5.2              Disclosure of Portfolio holdings

Policy: The holdings of advisory clients, including mutual fund clients, are confidential and should not be disclosed or distributed except as authorized in this policy. Complete mutual fund holdings are available to all shareholders and other interested parties in the annual and semi-annual reports of the Funds, which are sent to shareholders within 60 days of the end of the second and fourth fiscal quarters and which are filed with the SEC on Form N-CSR within 70 days of the end of the second and fourth fiscal quarters. A mutual fund also is required to file a schedule of portfolio holdings with the SEC on Form N-Q within 60 days of the end of the first and third fiscal quarters. A mutual fund must provide a copy of the complete schedule of portfolio holdings as filed with the SEC to any shareholder of the fund, upon request, free of charge.

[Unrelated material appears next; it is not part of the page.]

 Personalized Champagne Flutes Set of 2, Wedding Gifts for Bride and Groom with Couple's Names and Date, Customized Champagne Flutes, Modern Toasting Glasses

Additionally, the Adviser, and any affiliated persons of the Adviser, is prohibited from receiving compensation or other consideration, for themselves or on behalf of the fund, as a result of disclosing the fund’s portfolio holdings.

 

Procedure: If the Adviser wishes to release portfolio holdings information on an ad hoc or special basis, it must submit any proposed arrangement to the Board of Trustees/Directors of the any mutual fund client, which will review such arrangement to determine whether it is (i) in the best interests of fund shareholders, (ii) whether the information will be kept confidential (iii) whether sufficient protections are in place to guard against personal trading based on the information and (iv) whether the disclosure presents a conflict of interest between the interests of fund shareholders and those of the Adviser, or any affiliated person of the Fund or the Adviser.